Algorithm Selection Criteria: VERL vs APO vs SFT in Agent-Lightning
Choose VERL for token-level reinforcement learning that modifies model weights directly, APO for prompt optimization without retraining via external APIs, and SFT for supervised fine-tuning on curated datasets using the Unsloth trainer.

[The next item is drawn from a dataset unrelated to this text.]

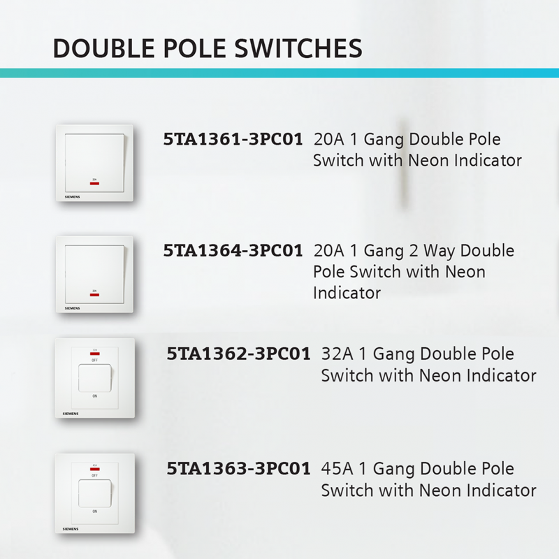 Siemens DELTA® Relfa Double Pole Switches

Agent-Lightning ships three distinct optimization backends—VERL, APO, and SFT—each designed for specific training paradigms and resource constraints. Understanding the architectural differences between these algorithms ensures you select the right approach for updating model weights, optimizing prompts, or training on labeled data. This guide breaks down the selection criteria based on the actual implementation in the microsoft/agent-lightning repository.

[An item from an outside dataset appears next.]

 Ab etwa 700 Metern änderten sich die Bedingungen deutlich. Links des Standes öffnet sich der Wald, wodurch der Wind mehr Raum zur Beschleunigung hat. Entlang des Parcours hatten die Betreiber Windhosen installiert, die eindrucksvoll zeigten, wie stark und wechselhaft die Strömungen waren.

Architectural Overview of VERL, APO, and SFT
The microsoft/agent-lightning repository provides three fundamentally different optimization strategies located in distinct modules. Each algorithm addresses a unique requirement in the agent training lifecycle, from weight updates to prompt engineering.
VERL: Token-Level Reinforcement Learning
VERL (located in agentlightning/algorithm/verl/interface.py) implements a reinforcement learning backend that treats every generated token as an action and the final reward as a scalar signal. This algorithm wraps the external VERL framework to launch a vLLM-based OpenAI-compatible proxy, converting agent spans into triplets and subsequently into VERL trajectories (comprising input_ids, position_ids, attention_mask, and token_level_scores).

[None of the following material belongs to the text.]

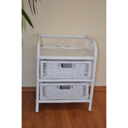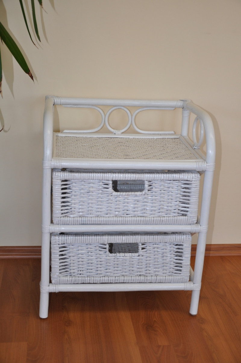 Ratanový nábytek -ratanová komoda 2 zásuvky. Konstrukce i výplet jsou z přírodního ratanu . Komoda má široké možnosti využití a je praktickým doplňkem do každé domáctnosti. | Barva ratanové konstrukce a výpletu je bílá. Velikost komody je 45x36x53 cm

VERL directly updates model weights through RLHF-style optimization, making it suitable when you need token-level credit assignment. The algorithm requires torch, vllm, and the verl framework, with optional support for distributed training via Ray or FSDP according to the implementation in docs/deep-dive/birds-eye-view.md.
APO: Automatic Prompt Optimization
APO (implemented in agentlightning/algorithm/apo/apo.py) performs gradient-free optimization of prompt strings without modifying underlying model weights. The algorithm executes a textual-gradient plus beam-search loop: each rollout generates a reward, gradients are estimated via prompt perturbations, and the highest-scoring candidate prompts are retained.
APO requires only an OpenAI-compatible endpoint and operates entirely off-policy, making it ideal when you cannot or do not want to retrain the model. The implementation depends on poml for textual gradients and the OpenAI Python SDK (≥2.0), as documented in docs/tutorials/installation.md. APO works with any LLM accessible via the OpenAI API specification.
SFT: Supervised Fine-Tuning
SFT leverages supervised learning to update model weights using labeled (input, output) pairs. Rather than a built-in Algorithm class, Agent-Lightning provides a recipe that integrates the Unsloth SFT trainer (trl.SFTTrainer) into the training loop via examples/unsloth/unsloth_helper.py.
The workflow follows a specific pipeline: rollouts generate triplets, top-k high-reward samples are selected, and SFTTrainer produces a new checkpoint that vLLM can serve for subsequent iterations. This approach requires trl, unsloth for 4-bit LoRA optimization, and optionally vllm for serving checkpoints, as detailed in docs/how-to/unsloth-sft.md.
Decision Framework for Algorithm Selection
Selecting the appropriate algorithm depends on five key decision points regarding your optimization target, data availability, and infrastructure constraints.
Do you need to modify LLM weights?
- Yes → Use VERL (reinforcement learning) or SFT (supervised training).
- No → Use APO (prompt-only optimization).
Do you possess a high-quality supervised dataset?
- Yes → SFT offers the most data-efficient path, bootstrapping from rollout rewards or existing labeled data.
- No → Consider VERL for learning from sparse rewards or APO if you rely on external APIs.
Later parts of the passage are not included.